After finding the line containing "In fig.1 vediamo" below, please output that line and each following one through the line containing "A Beautiful Domestic", exactly as written.

> **Dataset content**
================================
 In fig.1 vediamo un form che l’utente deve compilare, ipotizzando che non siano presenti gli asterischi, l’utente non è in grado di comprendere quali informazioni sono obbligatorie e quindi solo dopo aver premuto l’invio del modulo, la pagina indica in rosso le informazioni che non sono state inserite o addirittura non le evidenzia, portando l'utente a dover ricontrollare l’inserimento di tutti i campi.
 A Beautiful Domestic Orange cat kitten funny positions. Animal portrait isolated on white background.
================================
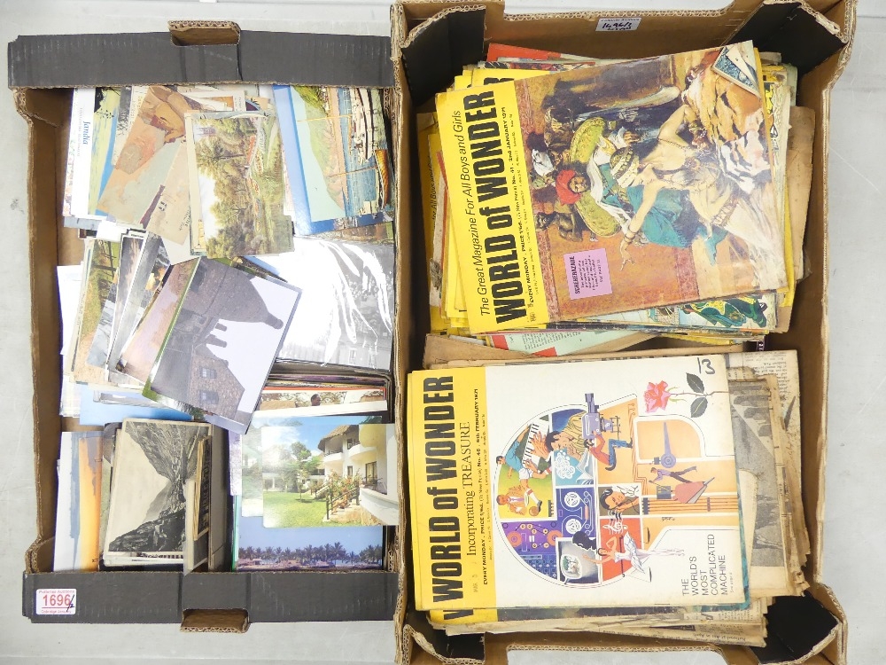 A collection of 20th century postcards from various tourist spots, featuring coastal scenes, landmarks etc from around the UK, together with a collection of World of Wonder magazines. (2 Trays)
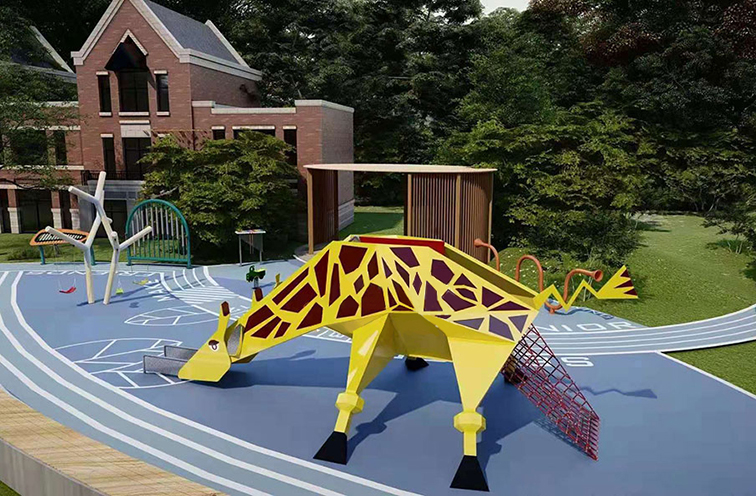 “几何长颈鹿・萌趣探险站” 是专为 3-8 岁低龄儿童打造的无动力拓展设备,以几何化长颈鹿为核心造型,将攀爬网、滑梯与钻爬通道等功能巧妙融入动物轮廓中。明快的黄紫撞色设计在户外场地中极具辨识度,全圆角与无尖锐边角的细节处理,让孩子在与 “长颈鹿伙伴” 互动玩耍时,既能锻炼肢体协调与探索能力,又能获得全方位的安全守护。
================================
> **Response to the exercise**
 In fig.1 vediamo un form che l’utente deve compilare, ipotizzando che non siano presenti gli asterischi, l’utente non è in grado di comprendere quali informazioni sono obbligatorie e quindi solo dopo aver premuto l’invio del modulo, la pagina indica in rosso le informazioni che non sono state inserite o addirittura non le evidenzia, portando l'utente a dover ricontrollare l’inserimento di tutti i campi.
 A Beautiful Domestic Orange cat kitten funny positions. Animal portrait isolated on white background.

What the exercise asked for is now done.